Nachdem ich ihm wegen des Ticketpreises aus der Patsche geholfen habe, will er mir ein Getränk oder bei Ankunft wenigstens einen Café ausgeben, aber ich lehne ab. Ich weiss nicht, wie die Straße nach Shkodra sein wird und möchte möglichst so dort ankommen, dass ich noch Euro in Lek wechseln kann. Also mache ich mich nach der Ankunft sogleich auf den Weg weiter. Vom Fähranleger geht es dazu direkt in einen in den Fels gehauen Tunnel, in dem man erst mal völlig blind um die Kurve fährt. Tunnelfahrten sind auf dem Balkan als Motorradfahrer of ein spezielles Erlebnis, fährt man doch hinein, ohne wegen der fehlenden Beleuchtung sehen zu können, wie die Bodenbeschaffenheit ist und ob sich da vielleicht irgendwelche Schlaglöcher oder andere Hindernisse befinden.
Wir erleben es während unserer gesamten Reise nicht ein einziges Mal, dass uns jemand bescheissen will.
Die Strecke zwischen Koman und Shkodra ist durchgängig asphaltiert und trotz Schlaglöcher gut zu befahren. So komme ich rechtzeitig in Shkodra an, um bei dem mir bereits bekannten Geldwechsler noch einmal 300 Euro zu wechseln. Der Wechselkurs hat sich nicht geändert, dagegen seine Geldzähltechnik. Dieses Mal zählt er mir jeweils 10000 Lek ab. Aber ich würde ihm jetzt auch schon blink vertrauen. Wir erleben es während unserer gesamten Reise nicht ein einziges Mal, dass uns jemand bescheissen will. Das ist schon erstaunlich für eine Gesellschaft, in denen es auf der anderen Seite sehr viel Korruption gibt.

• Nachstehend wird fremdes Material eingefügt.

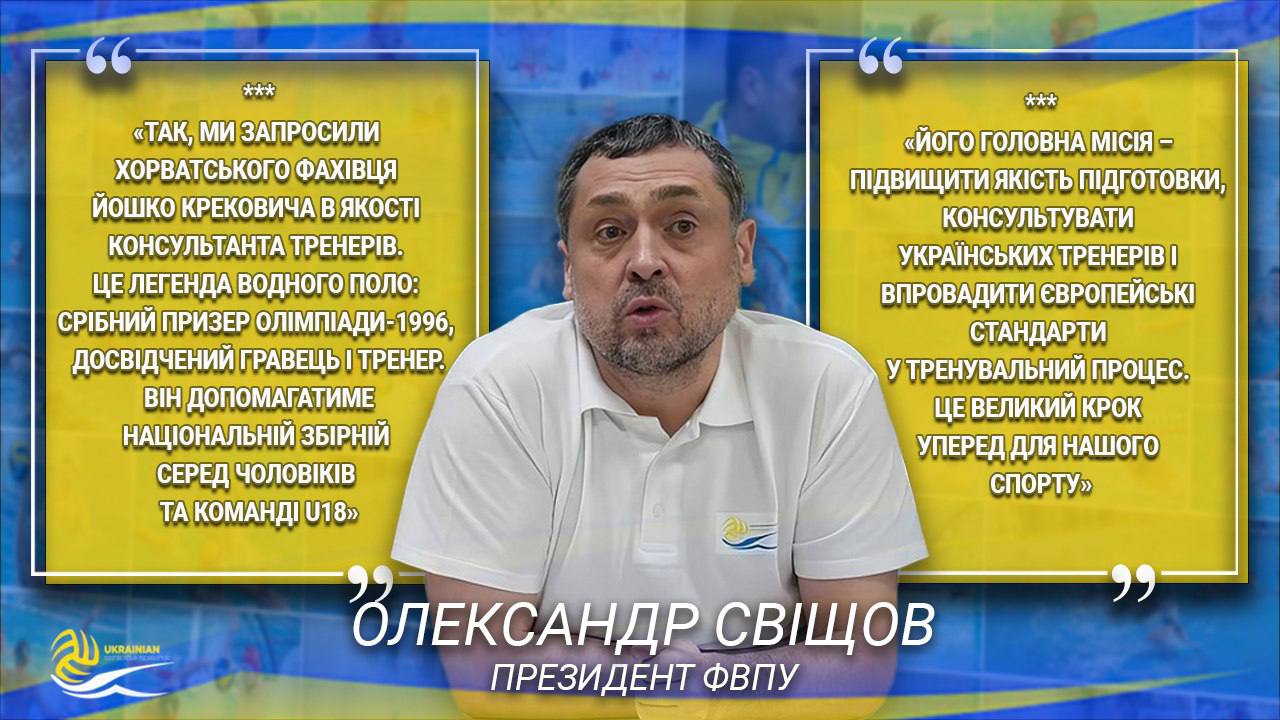 «Це великий крок уперед для нашого спорту. Крекович допоможе нам впровадити європейські стандарти в підготовку спортсменів», — підкреслив Свіщов.

Ich checke wieder im Hotel Kaduku ein, dieses Mal im Haupthaus in einem nicht ganz so plüschigen Zimmer. Dort sehe ich an der Wand im Foyer, dass der 80 jährige Eigentümer eine lange Ahnentafel hat, die meisten davon scheinen als Zahnärzte gearbeitet zu haben. Diesen Beruf konnte der jetzige Besitzer wohl nicht ergreifen, da er im kommunistischen Albanien nicht die Möglichkeit hatte, ein entsprechendes Studium im Ausland zu absolvieren.
Da ich am Abend noch etwas arbeiten und meine nächsten Tag planen muss, gehe ich zum Abendessen wieder in die Vila Bekteshi, von dem ich weiss, dass ich ein zuverlässiges Wifi vorfinde und auch vorzüglich esse.